Six thousand of the households still cut off from electricity on Sunday after up to 72 hours are in Jerusalem, the Israel Electric Corporation reported.
At the height of the bad weather, some 60,000 households did not have electric power, many due to downed power lines from trees that fell in the storm.
Israel on Sunday began transferring fuel to Gaza to run the strip’s sole power plant, and has committed to sending more fuel in on Monday and Tuesday. The fuel transfers come after Israel on Friday allowed into Gaza gas for home heating. The Israel Defense Forces assisted in clearing roads in the Palestinian Authority areas of the West Bank.
Schools in Jerusalem and its environs remained closed on Sunday, as did schools in Safed, the Golan Heights and areas of the Galilee.
The major Jerusalem-Tel Aviv highway on Sunday morning was open in both directions for public transportation, but was open to private vehicles only for leaving the city. The road was opened and closed several times Sunday morning due to dangerous ice patches. Roads leading to the Etzion bloc south of Jerusalem, which was hard-hit by snow, remained closed on Sunday.
Trains left from Jerusalem for Haifa and Tel Aviv on Saturday, after the ban on public transportation on the Sabbath was lifted for the emergency.
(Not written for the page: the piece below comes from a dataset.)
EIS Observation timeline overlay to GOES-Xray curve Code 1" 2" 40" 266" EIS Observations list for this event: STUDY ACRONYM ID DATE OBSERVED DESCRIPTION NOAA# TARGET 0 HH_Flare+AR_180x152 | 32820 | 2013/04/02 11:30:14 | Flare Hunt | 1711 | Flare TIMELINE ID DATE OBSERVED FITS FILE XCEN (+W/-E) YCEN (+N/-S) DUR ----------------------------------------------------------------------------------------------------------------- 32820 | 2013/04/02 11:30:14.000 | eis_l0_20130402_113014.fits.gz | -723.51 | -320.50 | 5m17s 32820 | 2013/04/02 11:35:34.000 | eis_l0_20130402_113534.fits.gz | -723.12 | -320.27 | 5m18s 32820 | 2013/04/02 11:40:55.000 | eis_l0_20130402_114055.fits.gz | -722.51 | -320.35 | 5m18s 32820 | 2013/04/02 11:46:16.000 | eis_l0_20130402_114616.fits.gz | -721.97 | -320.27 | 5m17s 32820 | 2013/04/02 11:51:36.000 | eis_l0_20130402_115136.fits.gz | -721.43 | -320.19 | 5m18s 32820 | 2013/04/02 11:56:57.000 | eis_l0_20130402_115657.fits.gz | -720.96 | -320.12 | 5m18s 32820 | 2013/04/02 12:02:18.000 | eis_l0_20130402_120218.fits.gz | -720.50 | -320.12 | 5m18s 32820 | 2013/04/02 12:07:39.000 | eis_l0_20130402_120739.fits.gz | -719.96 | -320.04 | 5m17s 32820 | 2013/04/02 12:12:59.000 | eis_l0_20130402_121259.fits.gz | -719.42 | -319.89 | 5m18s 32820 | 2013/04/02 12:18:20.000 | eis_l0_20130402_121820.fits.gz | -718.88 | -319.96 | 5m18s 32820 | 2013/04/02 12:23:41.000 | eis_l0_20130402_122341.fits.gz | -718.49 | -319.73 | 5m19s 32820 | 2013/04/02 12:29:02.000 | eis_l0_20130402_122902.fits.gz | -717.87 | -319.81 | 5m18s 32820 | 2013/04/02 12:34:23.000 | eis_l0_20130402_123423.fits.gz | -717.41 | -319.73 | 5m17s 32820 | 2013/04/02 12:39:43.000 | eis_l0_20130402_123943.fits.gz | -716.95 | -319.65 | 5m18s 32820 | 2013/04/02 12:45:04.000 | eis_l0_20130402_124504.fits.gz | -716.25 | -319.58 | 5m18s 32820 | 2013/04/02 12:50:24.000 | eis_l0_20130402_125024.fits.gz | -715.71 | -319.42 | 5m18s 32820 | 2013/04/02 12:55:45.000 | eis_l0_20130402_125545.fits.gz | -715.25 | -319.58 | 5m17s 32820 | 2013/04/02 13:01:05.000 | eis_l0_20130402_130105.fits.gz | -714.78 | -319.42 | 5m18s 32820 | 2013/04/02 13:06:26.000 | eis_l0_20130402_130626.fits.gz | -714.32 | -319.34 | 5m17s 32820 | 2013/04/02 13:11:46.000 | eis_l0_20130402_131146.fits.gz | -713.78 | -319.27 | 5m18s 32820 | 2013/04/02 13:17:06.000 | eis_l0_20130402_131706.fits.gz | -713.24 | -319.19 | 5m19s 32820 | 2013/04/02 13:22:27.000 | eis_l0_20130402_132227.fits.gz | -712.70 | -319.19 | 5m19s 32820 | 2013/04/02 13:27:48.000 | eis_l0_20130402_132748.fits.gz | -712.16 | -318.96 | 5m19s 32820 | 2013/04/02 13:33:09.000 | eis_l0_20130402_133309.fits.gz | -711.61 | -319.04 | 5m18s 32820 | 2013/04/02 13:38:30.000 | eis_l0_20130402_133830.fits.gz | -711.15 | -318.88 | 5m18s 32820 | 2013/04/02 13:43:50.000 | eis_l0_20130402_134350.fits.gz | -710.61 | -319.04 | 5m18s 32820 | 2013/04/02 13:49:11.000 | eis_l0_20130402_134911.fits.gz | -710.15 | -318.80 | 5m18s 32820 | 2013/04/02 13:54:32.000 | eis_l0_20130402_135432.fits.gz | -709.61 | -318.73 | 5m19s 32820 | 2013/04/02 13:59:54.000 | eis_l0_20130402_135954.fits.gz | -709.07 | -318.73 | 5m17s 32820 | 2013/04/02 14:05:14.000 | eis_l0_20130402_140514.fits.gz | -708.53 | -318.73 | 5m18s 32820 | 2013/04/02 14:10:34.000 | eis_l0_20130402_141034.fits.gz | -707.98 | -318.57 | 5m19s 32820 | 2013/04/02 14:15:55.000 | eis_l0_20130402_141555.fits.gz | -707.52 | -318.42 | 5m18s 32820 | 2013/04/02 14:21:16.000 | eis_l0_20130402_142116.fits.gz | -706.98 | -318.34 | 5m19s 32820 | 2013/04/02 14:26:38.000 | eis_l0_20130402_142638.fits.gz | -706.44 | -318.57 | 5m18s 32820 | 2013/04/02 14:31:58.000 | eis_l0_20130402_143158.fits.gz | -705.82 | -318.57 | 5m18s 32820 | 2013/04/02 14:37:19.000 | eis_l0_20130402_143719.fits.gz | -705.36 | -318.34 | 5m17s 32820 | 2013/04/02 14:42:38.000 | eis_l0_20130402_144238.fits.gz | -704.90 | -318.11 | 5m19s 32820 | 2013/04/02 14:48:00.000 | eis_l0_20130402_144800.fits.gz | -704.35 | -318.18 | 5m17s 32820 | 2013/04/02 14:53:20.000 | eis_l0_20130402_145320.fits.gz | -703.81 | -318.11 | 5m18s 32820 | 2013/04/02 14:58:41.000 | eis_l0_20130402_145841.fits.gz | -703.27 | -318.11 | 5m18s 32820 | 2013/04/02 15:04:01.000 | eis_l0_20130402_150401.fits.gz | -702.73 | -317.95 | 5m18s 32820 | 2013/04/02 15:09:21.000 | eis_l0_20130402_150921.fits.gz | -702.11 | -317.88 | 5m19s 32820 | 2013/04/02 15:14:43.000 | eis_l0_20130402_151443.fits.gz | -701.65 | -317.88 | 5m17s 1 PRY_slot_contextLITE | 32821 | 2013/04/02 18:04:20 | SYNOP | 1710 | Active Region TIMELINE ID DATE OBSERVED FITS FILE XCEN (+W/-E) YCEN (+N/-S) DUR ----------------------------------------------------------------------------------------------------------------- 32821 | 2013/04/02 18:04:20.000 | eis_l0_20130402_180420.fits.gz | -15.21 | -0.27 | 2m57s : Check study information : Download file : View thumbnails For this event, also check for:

At least four people died as a result of the storm, according to reports.
We were as prepared as a country should be for an event like this,” Israeli Prime Minister Benjamin Netanyahu said during a Saturday evening news conference, amid calls for an investigation into responses to the emergency.
It is estimated that repairing damage from the storm will cost the state over $34 million, according to reports. Temperatures throughout Israel on Sunday remained colder than expected for this time of year under sunny skies.